Understand the concept of attributes, methods and functions under the context of a dataframe
Attributes
Attributes are the features of any object. They can be accessed by following a dot and the name of the following attribute.
- For example: person.age, person.height
here, age and height are the attributes of the person object
Methods and Functions
Methods are always associated with an object where as the Functions are not dependent on any object. In simple term a method is on a object where as a function is independent of object.

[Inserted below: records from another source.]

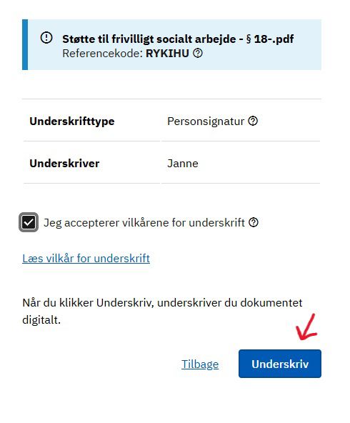 Du skal nu acceptere vilkårene for underskriften. Sæt flueben i boksen.
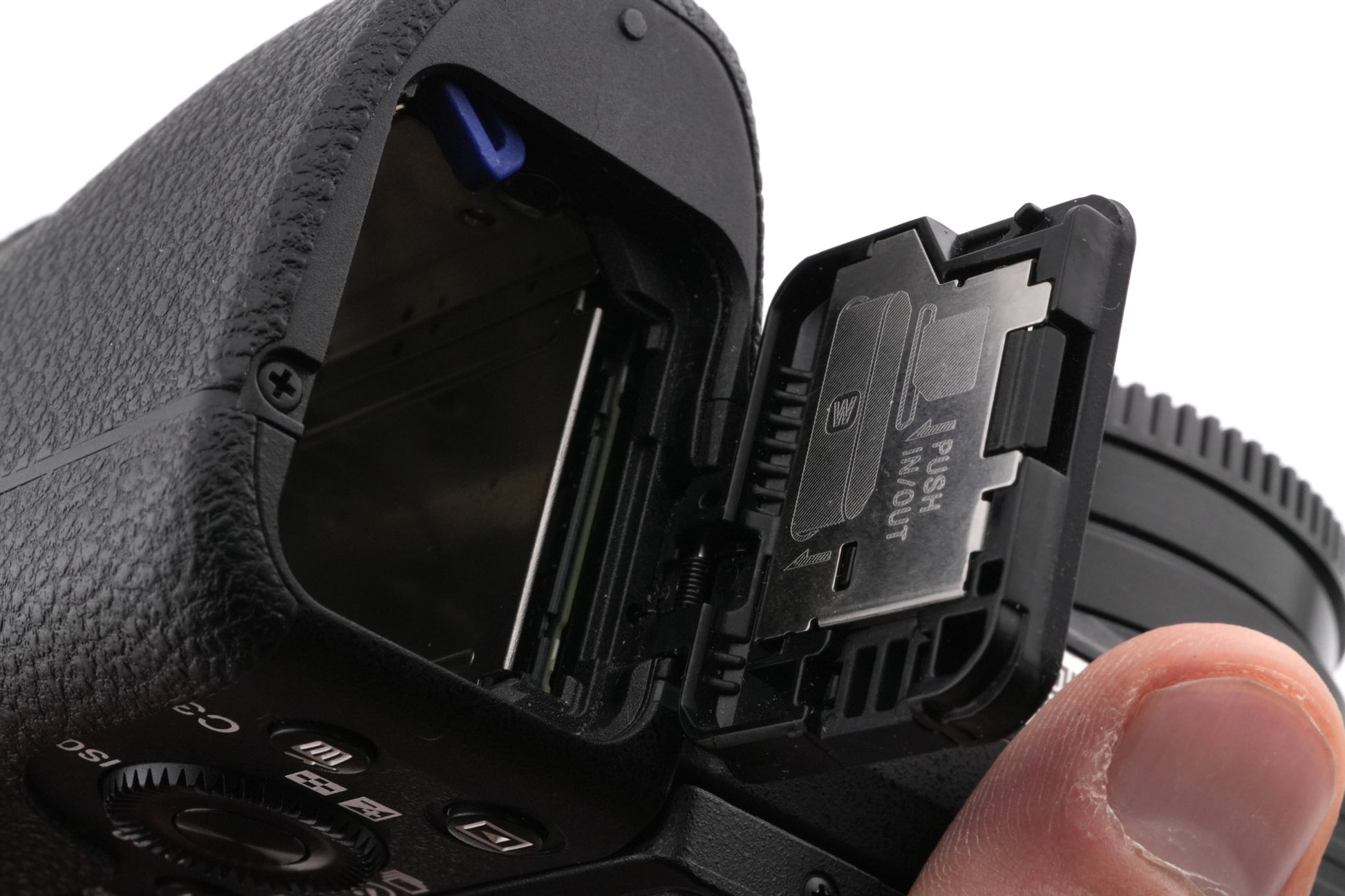 Autofocus E-mount digital mirrorless camera released by Sony in 2016. It has a 3” tilting touch screen, 5-axis in-body image stabilization (SteadyShot), and 4K video recording. Metal body available in black.
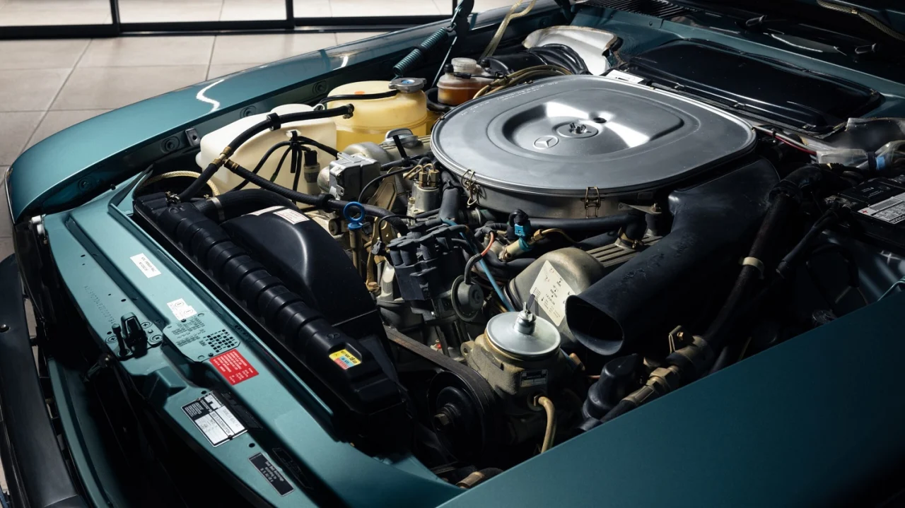 Like other R107s, the 500 SL is fairly common. According to the Mercedes-Benz Corporate Archive, the automaker produced 11,812 of them between April 1980 and August 1989. Those numbers aside, Mr. Hough’s SL was a singularity. The Metallic Blue-Green paint was untouched by the effects of sunlight. Inside, the leather still had its new-car smell. The SL even had its factory-applied Waxoyl in the engine bay around the 5.0-liter V8 and on the exhaust.
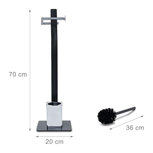 Relaxdays Piantana da Bagno GRAO, Portarotolo e Portascopino, Accessorio Autoportante Multiuso WC, Antracite Nero, Acciaio Inossidabile, 20 x 70 cm
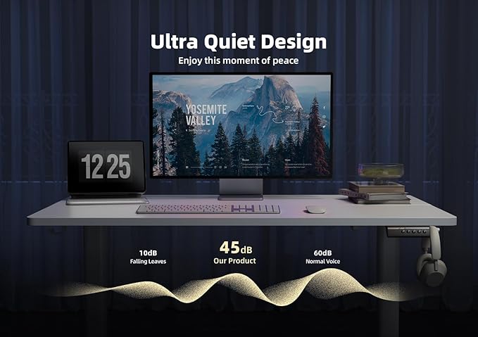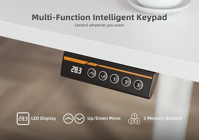 - Height Adjustment: The adjustable desk is equipped with an advanced electric lift system. The height adjustment range is from 28.3 inches to 46.5 inches, and 2 different heights can be preset. The powerful motor ensures a smooth and low noise lifting process, quickly adjusting to your comfortable height.
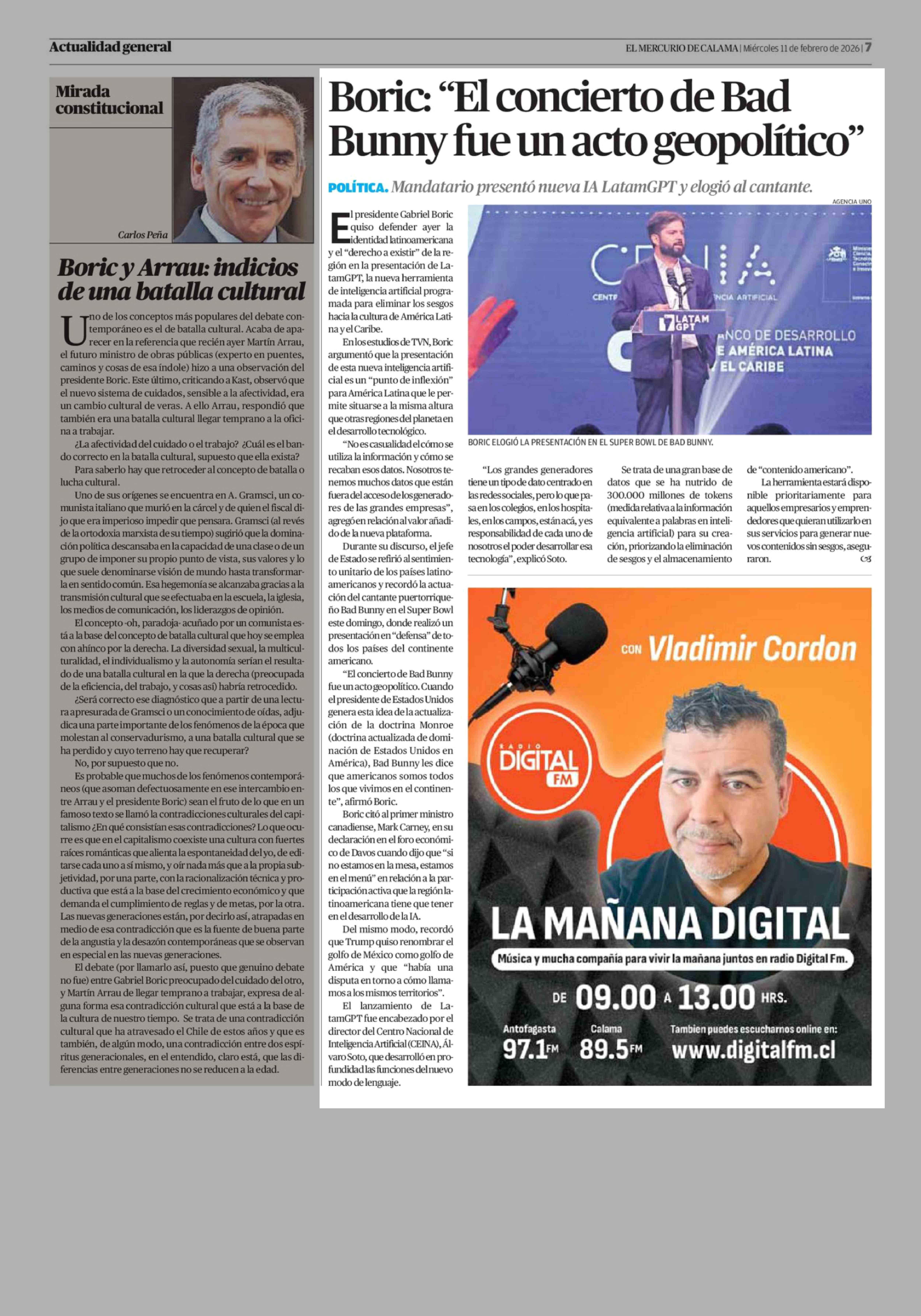 Boric: "El concierto de Bad Bunny fue un acto geopolítico" 11-02-2026 El Mercurio de Calama |
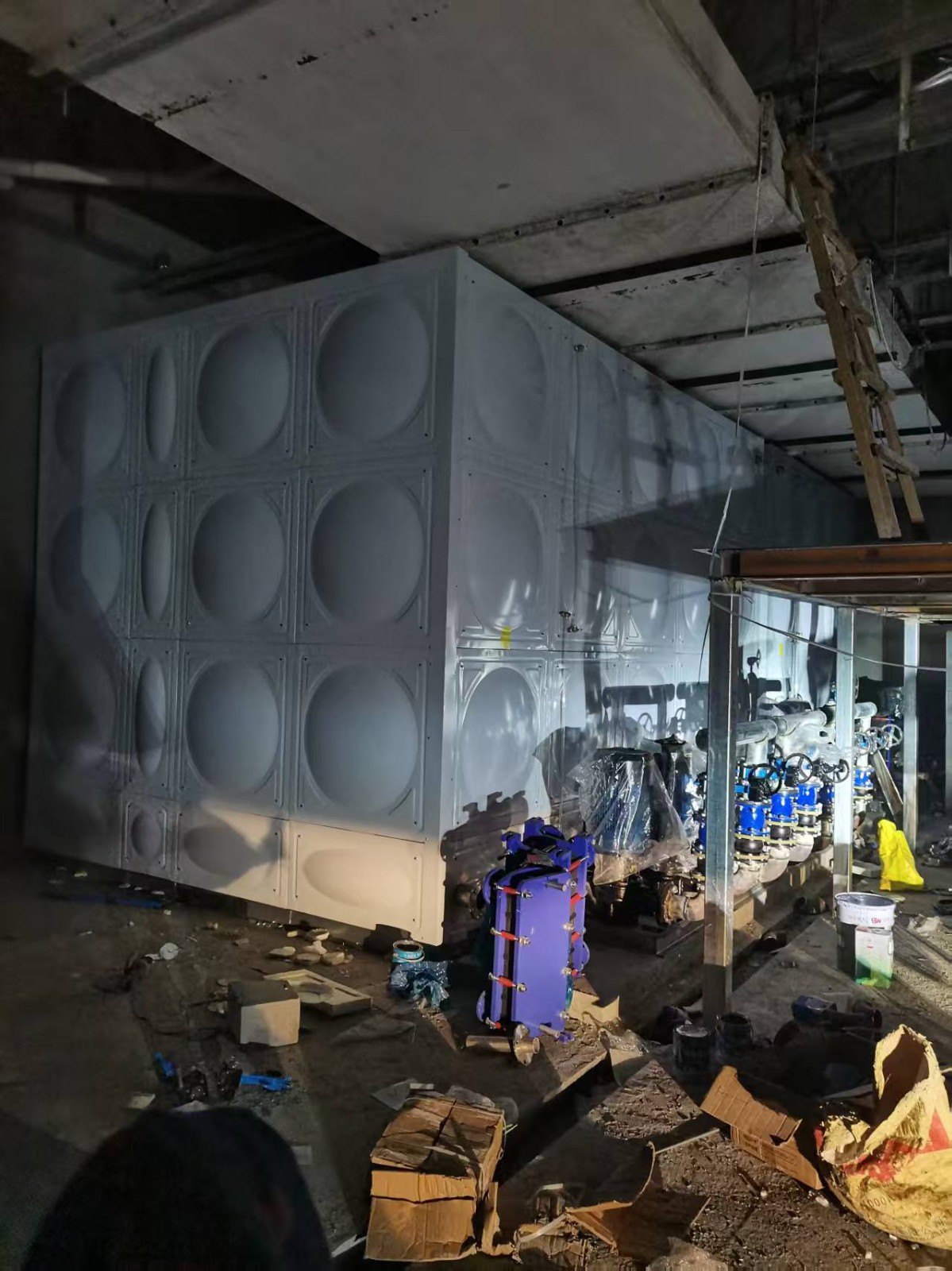 安裝地點:北京朝陽區天籟軒B座換熱站項目產品名稱:不銹鋼保溫水箱產品規格:7.5*4.5*4=135立方?產品數量:1臺供貨單位:山東省騰翔集團武城模壓制品有限公司????我司承接的北京朝陽區天籟...
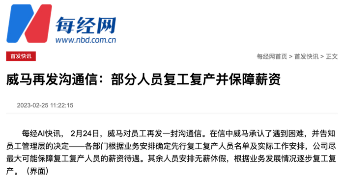 报道称,本次发布沟通信时间正好是威马汽车2月份发薪日,大部分员工均未收到工资,直接进入无薪休假的状态。属于复工复产人员名单、能拿到2月薪资的员工少之又少。
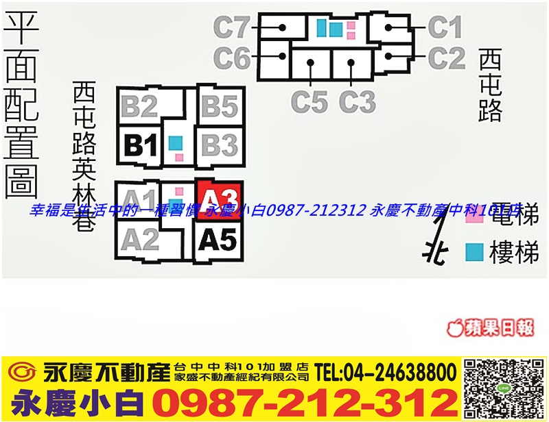 ◆棟別規劃:全案規劃A、B、C共 3棟大樓,A棟為地上14樓、B棟地上13樓,均為每層4戶、24~33坪、2~3房。C棟地上12樓,坪數18~20坪、均為1房。全案1房共有66戶、2房75戶、3房僅25戶。
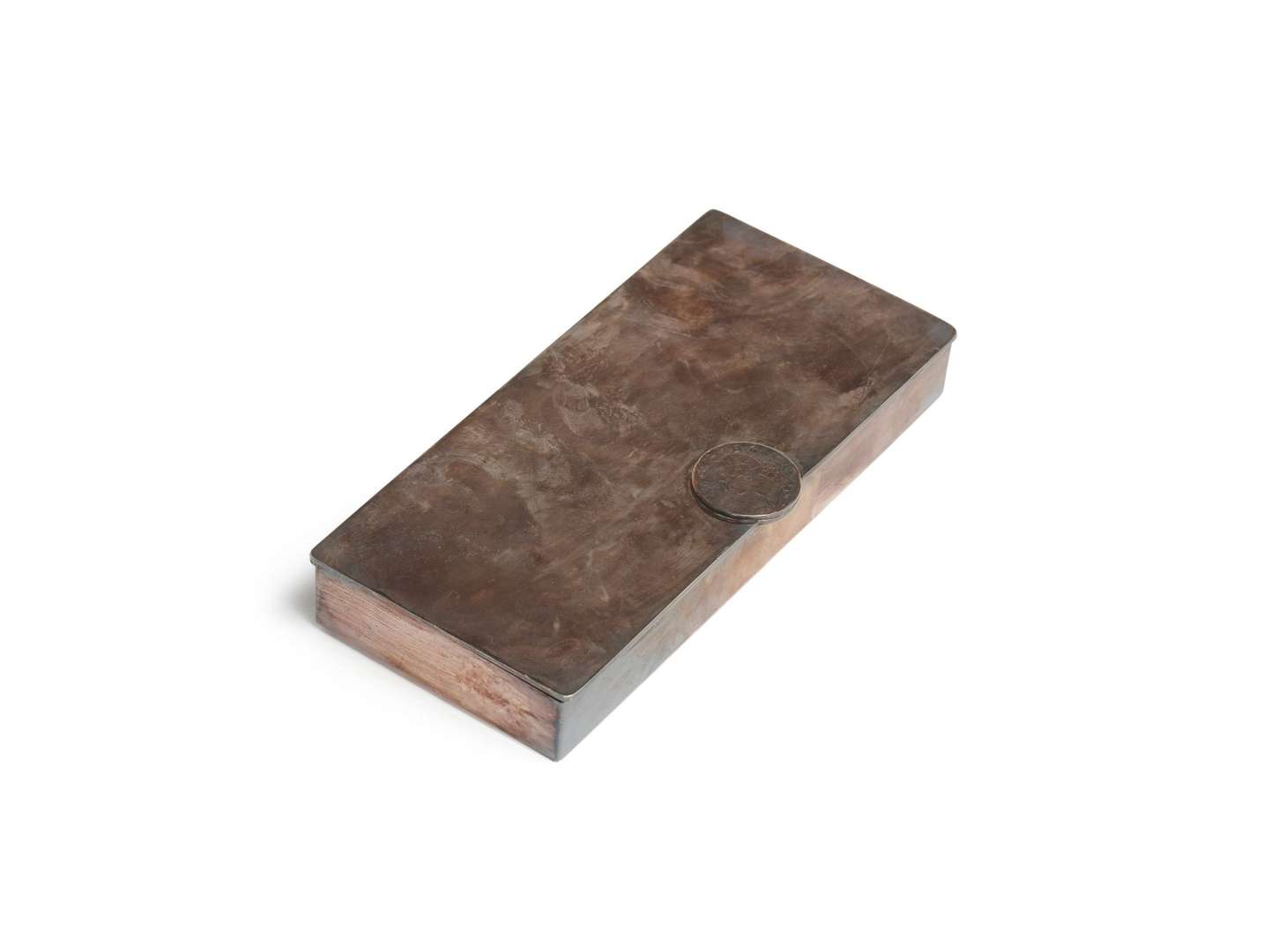 De forme rectangulaire, en métal argenté, le couvercle martelé orné d'une pièce figurant Louis XVI.
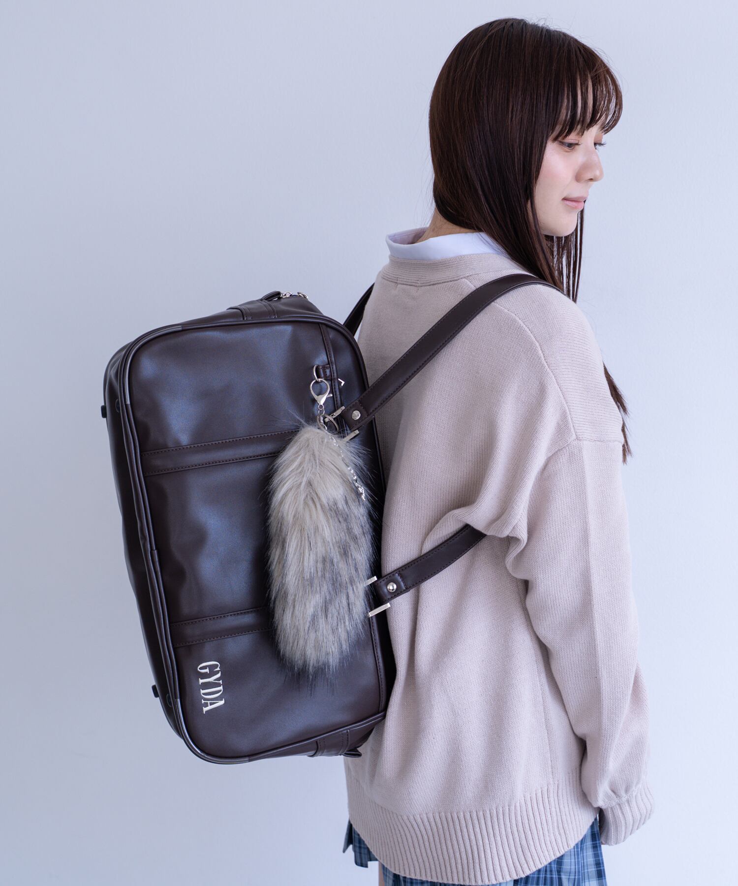 ギャル感たっぷりなスクールバッグ。ファーしっぽはその場のシーンに合わせて取り外し可能。裏地にはヒョウ柄の総柄を使用する事でより今っぽく、GYDA感をプラスしてくれます。「普通のスクバはつまらない」そんな方におすすめのスクバです。

- For example: math.ceil(), dataframe.describe() are methods whereas sum(), len() are python built in functions
Let see some examples of atrributes, methods and functions in context of pandas dataframe :
# Load the pandas package, import data and pass column names in names parameter
import pandas as pd
data = pd.read_csv("https://archive.ics.uci.edu/ml/machine-learning-databases/auto-mpg/auto-mpg.data",
header = None,
delim_whitespace = True,
names = ['mpg','cylinders','displacement','horsepower','weight',
'acceleration','model year','origin','car name'])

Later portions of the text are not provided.